■ Task prompt
Could you transcribe exactly the lines below, from the line with "ATOM 01040077F cutting" through the line with "问鼎哥窑牛角款集玉杯(猫扑蝶)", and nothing else, leaving out the pictures?

■ Data to process
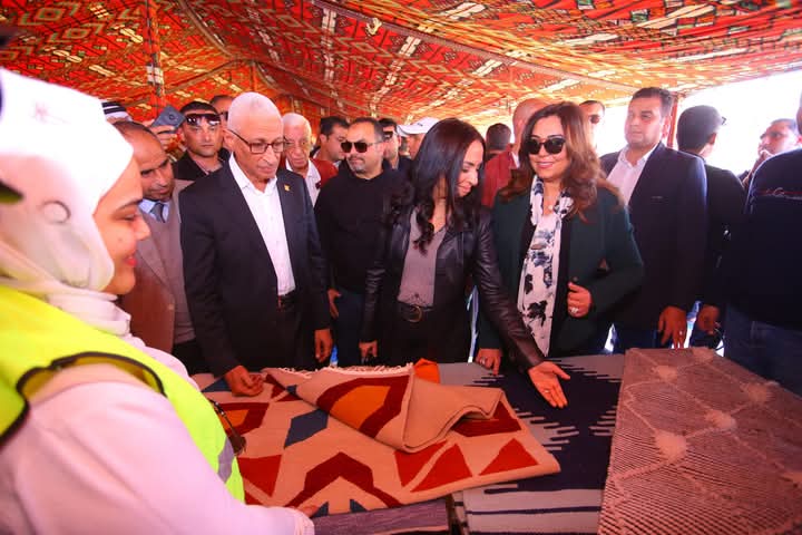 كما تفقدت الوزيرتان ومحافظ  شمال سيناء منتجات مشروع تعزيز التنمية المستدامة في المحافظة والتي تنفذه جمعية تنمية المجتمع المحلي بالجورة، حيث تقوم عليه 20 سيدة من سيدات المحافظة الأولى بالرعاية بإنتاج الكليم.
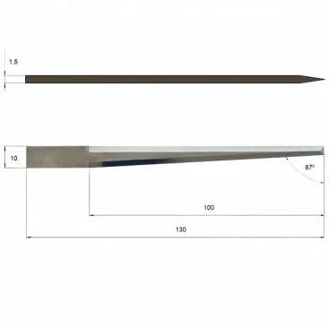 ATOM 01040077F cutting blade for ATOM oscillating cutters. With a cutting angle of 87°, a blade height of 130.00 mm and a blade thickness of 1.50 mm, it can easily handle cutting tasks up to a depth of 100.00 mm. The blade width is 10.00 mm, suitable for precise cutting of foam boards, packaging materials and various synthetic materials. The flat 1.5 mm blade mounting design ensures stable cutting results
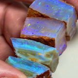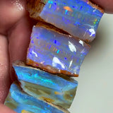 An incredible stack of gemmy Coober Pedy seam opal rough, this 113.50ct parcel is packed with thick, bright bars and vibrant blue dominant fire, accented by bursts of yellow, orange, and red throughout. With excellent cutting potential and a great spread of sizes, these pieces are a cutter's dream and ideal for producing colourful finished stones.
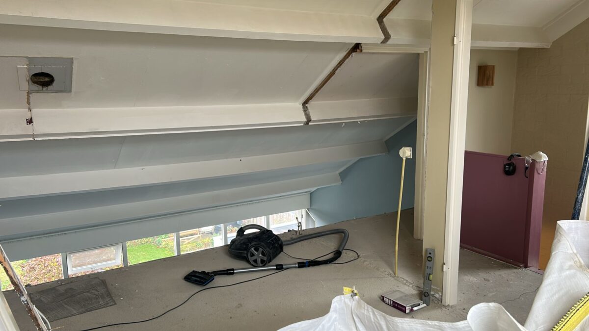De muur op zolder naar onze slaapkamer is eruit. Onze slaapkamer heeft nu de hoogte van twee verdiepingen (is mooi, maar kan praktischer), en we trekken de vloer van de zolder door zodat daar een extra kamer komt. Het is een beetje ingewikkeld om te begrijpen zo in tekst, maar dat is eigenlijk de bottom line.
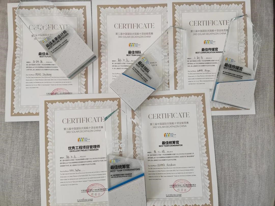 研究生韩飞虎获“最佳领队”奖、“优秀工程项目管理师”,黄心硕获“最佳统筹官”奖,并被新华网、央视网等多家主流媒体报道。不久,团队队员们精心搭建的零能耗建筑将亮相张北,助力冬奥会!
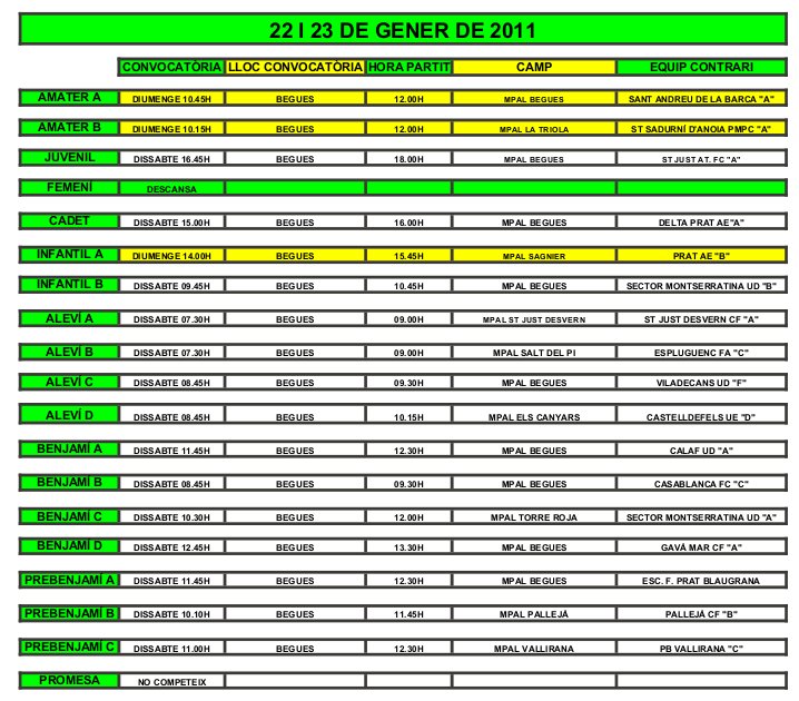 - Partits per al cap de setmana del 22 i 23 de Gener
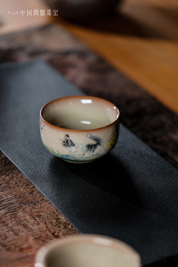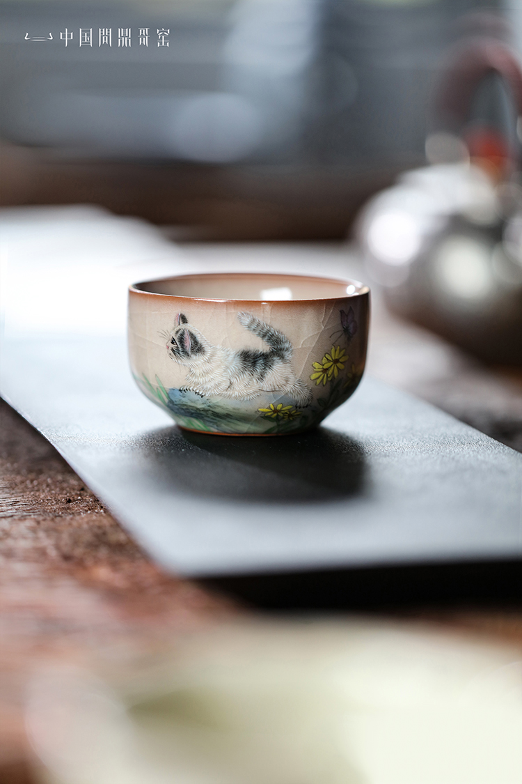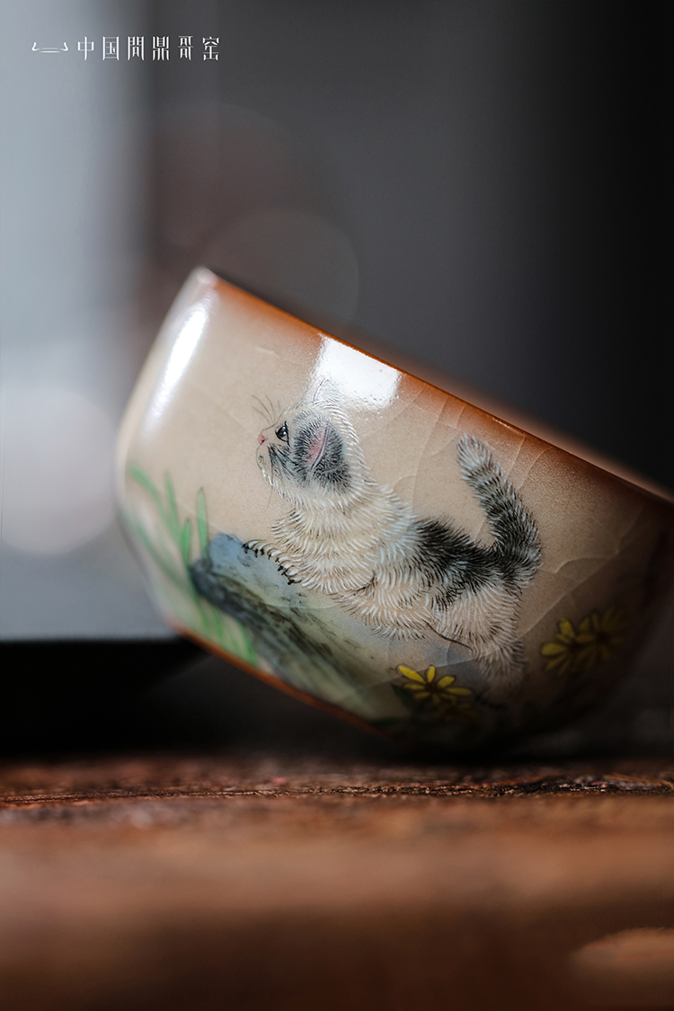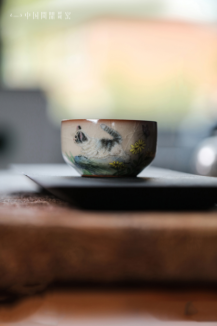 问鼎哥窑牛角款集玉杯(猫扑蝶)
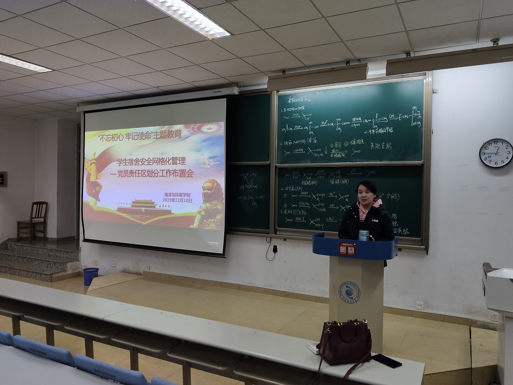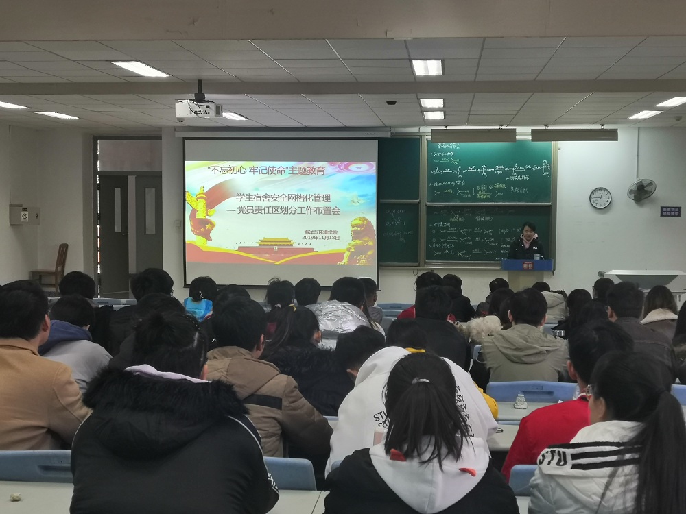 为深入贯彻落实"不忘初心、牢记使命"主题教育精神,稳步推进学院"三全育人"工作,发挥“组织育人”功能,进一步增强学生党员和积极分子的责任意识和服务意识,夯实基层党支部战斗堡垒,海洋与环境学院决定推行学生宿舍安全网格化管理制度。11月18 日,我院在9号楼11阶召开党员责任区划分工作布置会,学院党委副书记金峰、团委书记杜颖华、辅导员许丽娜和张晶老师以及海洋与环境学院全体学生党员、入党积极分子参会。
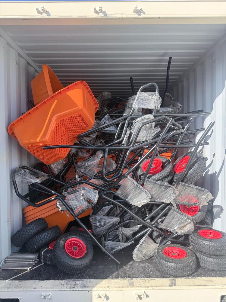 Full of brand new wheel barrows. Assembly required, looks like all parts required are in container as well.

--

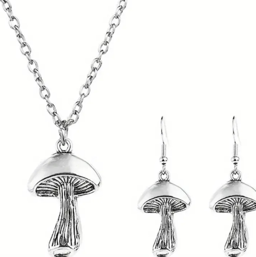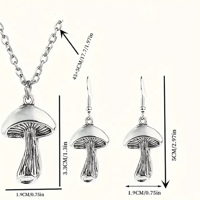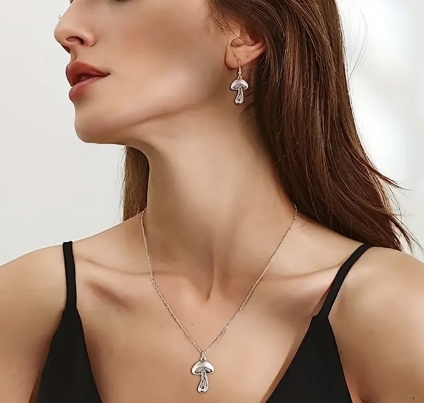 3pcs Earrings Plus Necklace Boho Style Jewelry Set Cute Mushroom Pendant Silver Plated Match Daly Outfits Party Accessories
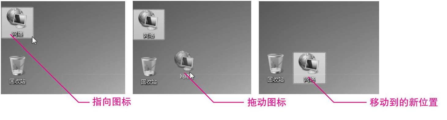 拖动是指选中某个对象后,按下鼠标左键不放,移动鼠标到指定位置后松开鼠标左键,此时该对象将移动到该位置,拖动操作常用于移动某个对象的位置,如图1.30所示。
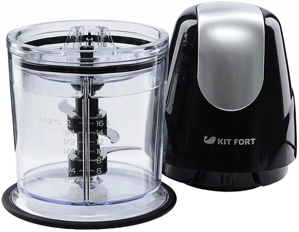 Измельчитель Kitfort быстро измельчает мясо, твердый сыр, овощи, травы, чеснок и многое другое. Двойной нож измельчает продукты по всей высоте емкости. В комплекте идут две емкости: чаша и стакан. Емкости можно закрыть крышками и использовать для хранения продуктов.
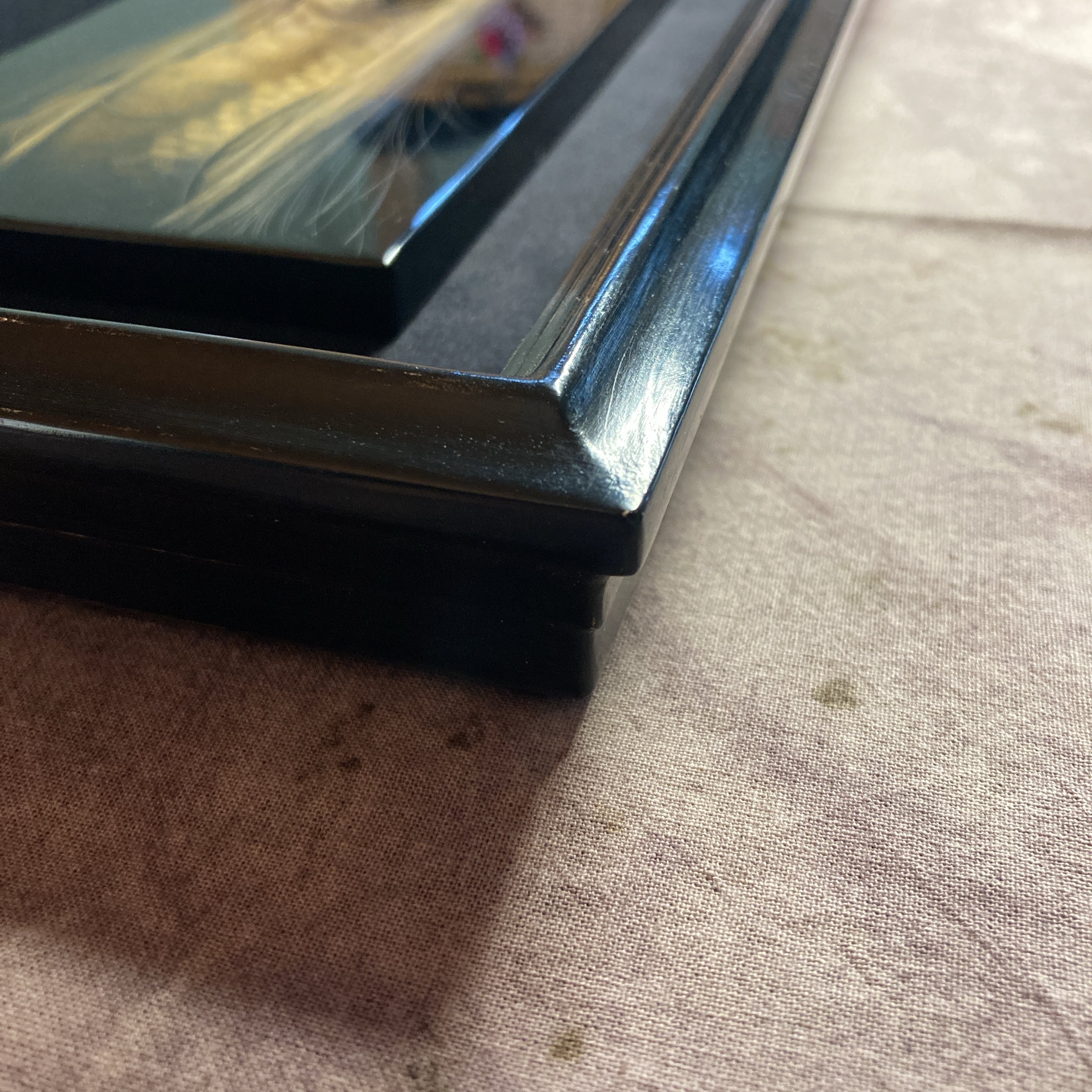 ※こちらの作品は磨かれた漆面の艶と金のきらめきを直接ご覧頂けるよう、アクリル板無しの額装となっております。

■ Task result
 ATOM 01040077F cutting blade for ATOM oscillating cutters. With a cutting angle of 87°, a blade height of 130.00 mm and a blade thickness of 1.50 mm, it can easily handle cutting tasks up to a depth of 100.00 mm. The blade width is 10.00 mm, suitable for precise cutting of foam boards, packaging materials and various synthetic materials. The flat 1.5 mm blade mounting design ensures stable cutting results
 An incredible stack of gemmy Coober Pedy seam opal rough, this 113.50ct parcel is packed with thick, bright bars and vibrant blue dominant fire, accented by bursts of yellow, orange, and red throughout. With excellent cutting potential and a great spread of sizes, these pieces are a cutter's dream and ideal for producing colourful finished stones.
De muur op zolder naar onze slaapkamer is eruit. Onze slaapkamer heeft nu de hoogte van twee verdiepingen (is mooi, maar kan praktischer), en we trekken de vloer van de zolder door zodat daar een extra kamer komt. Het is een beetje ingewikkeld om te begrijpen zo in tekst, maar dat is eigenlijk de bottom line.
 研究生韩飞虎获“最佳领队”奖、“优秀工程项目管理师”,黄心硕获“最佳统筹官”奖,并被新华网、央视网等多家主流媒体报道。不久,团队队员们精心搭建的零能耗建筑将亮相张北,助力冬奥会!
 - Partits per al cap de setmana del 22 i 23 de Gener
 问鼎哥窑牛角款集玉杯(猫扑蝶)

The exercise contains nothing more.